И дядя Емельян рассказал такую историю:

– Сосватали мы ее – с братом старшим ездили, с Егором, она – вон талицкая (это через речку), – привезли… Ну, свальба (свадьба)… Гуляем. А мне только пинжак новый сшили, хороший пинжак, бобриковый… Как раз к свальбе и сшили-то, Егорка же и дал деньжонок, я-то как сокол пришел. И у меня прямо со свальбы этот пинжак-то сперли.

Меня аж горе взяло. А моя говорит: «Погоди-ка, не кручинься пока: не вернут ли». Где, думаю, вернут! Народу столько перебыло… Но знаю, што – не из нашенских кто-то, а из талицких, наверно: наш-то куда с им денется? А шили-то тада на дому прямо: приходил портняжка с машинкой, кроил тут же и шил. Два дня, помню, шил: тут же и питался, и спал. Моя чё делат: взяла лоскут от шитья – лоскутов-то много осталось, – обернула его берестой и вмазала глиной в устье печки, как раз, где дым в чувал загибает, самый густой идет. Я не понял сперва: «Чего, мол, ты?» – «А вот, – говорит, – его теперь каждое утро корежить будет, вора-то. Как затопим печку, так его начнет корежить, как ту бересту». И чо ты думашь? Через три дня приходит из Талицы мужичонка, какая-то родня ее, бабе-то моей… С мешком.

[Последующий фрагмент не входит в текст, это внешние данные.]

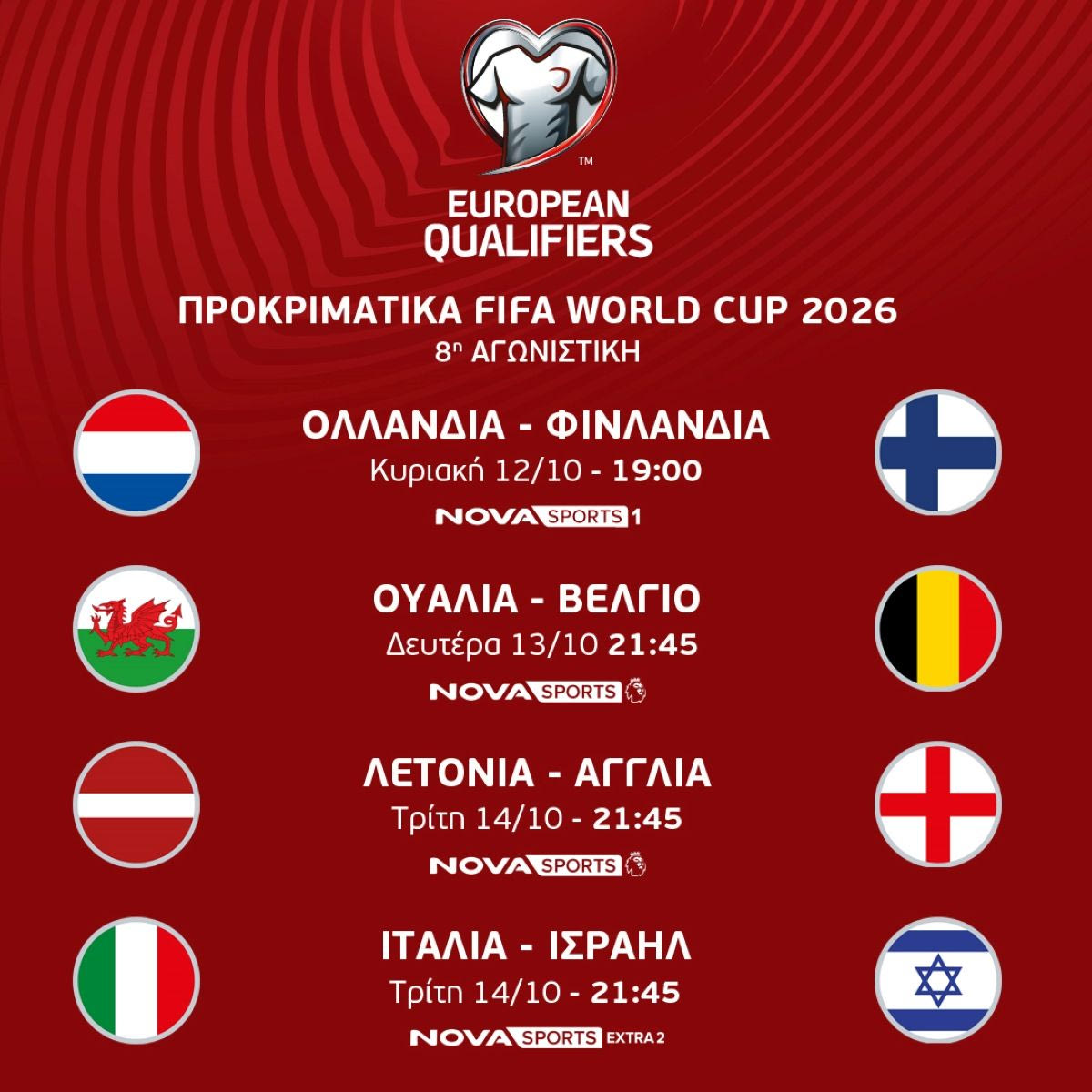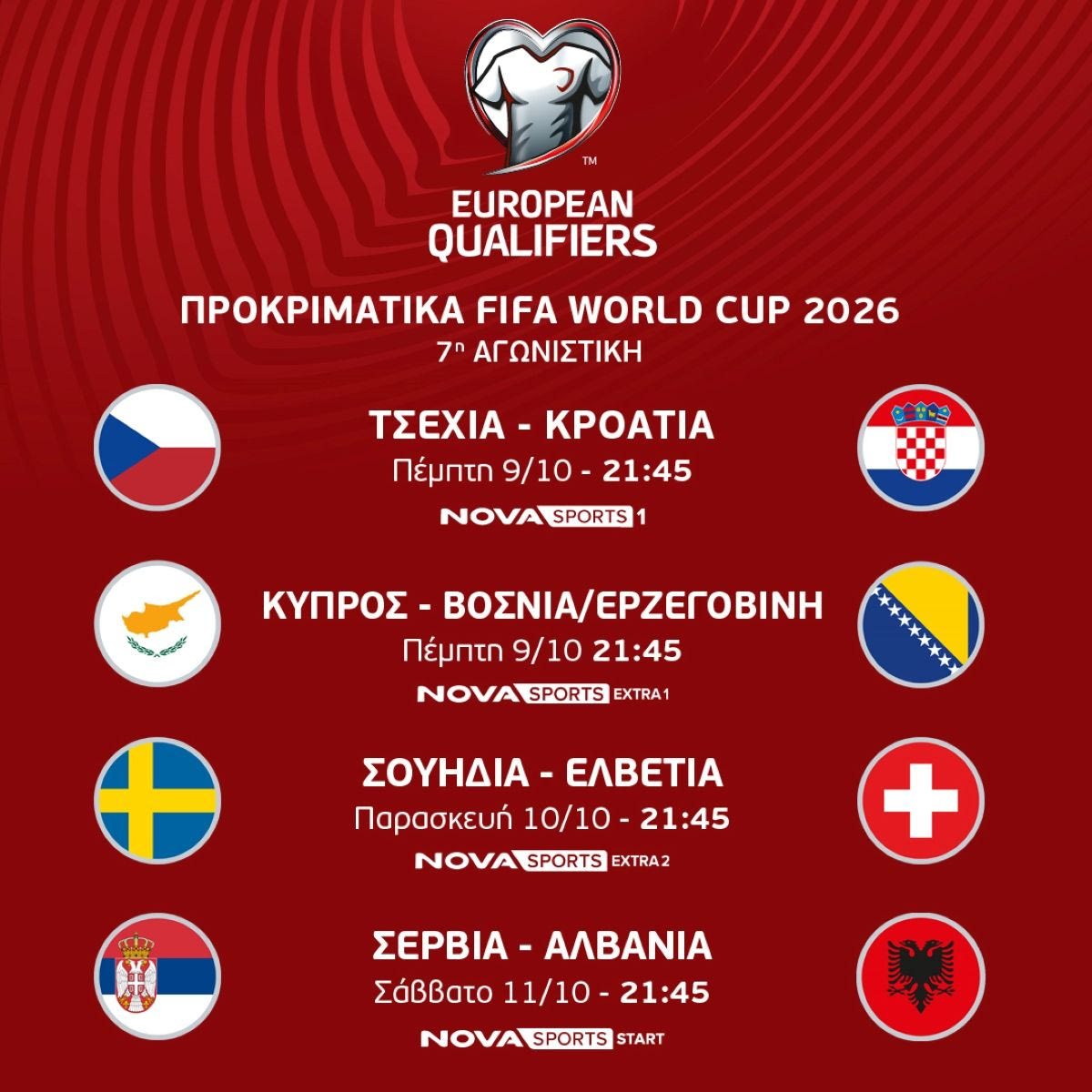 Στα κανάλια Novasports δεσπόζει η δράση στα UEFA European Qualifiers για το Μουντιάλ του 2026 και οι συνδρομητές θα έχουν την ευκαιρία να απολαύσουν όλους τους αγώνες για την 7η και 8η αγωνιστική, όπου δεσπόζουν οι αναμετρήσεις Τσεχία – Κροατία (9/10, 21:45), Πορτογαλία – Ιρλανδία (11/10, 21:45), Σερβία – Αλβανία (11/10, 21:45), Ισπανία – Γεωργία (11/10, 21:45), Ολλανδία – Φινλανδία (12/10, 19:00), Ισλανδία – Γαλλία (13/10, 21:45), Β. Ιρλανδία – Γερμανία (13/10, 21:45), Ουαλία – Βέλγιο (13/10, 21:45), Ισπανία – Βουλγαρία (14/10, 21:45), Λετονία – Αγγλία (14/10, 21:45), Ιταλία – Ισραήλ (14/10, 21:45), Πορτογαλία – Ουγγαρία (14/10, 21:45) οι οποίες θα μεταδοθούν LIVE.

Пришел, положил мешок в угол, а сам – бух, на коленки передо мной. «Прости, – говорит, – грех попутал: я пинжак-то унес. Поглянулся». Вытаскивает из мешка мой пинжак и гусиху с вином, теперь – четверть, а раньше звали – гусиха. Вот, вишь… «Не могу, – говорит, жить, – измаялся».

– Побил его? – спросил я.

– Да ну!.. Сам пришел… Зачем же? Выпили эту его гусиху, да я ишо одну достал, и ту выпили. Не одни, знамо дело: я Егора позвал с бабой, ишо мужики подошли – чуть не новая свальба!.. Я рад без ума – пинжак-то добрый. Годов десять его носил. Вот какая у меня старуха была. Она тада-то не старуха была, а вот… знала. Царство небесное.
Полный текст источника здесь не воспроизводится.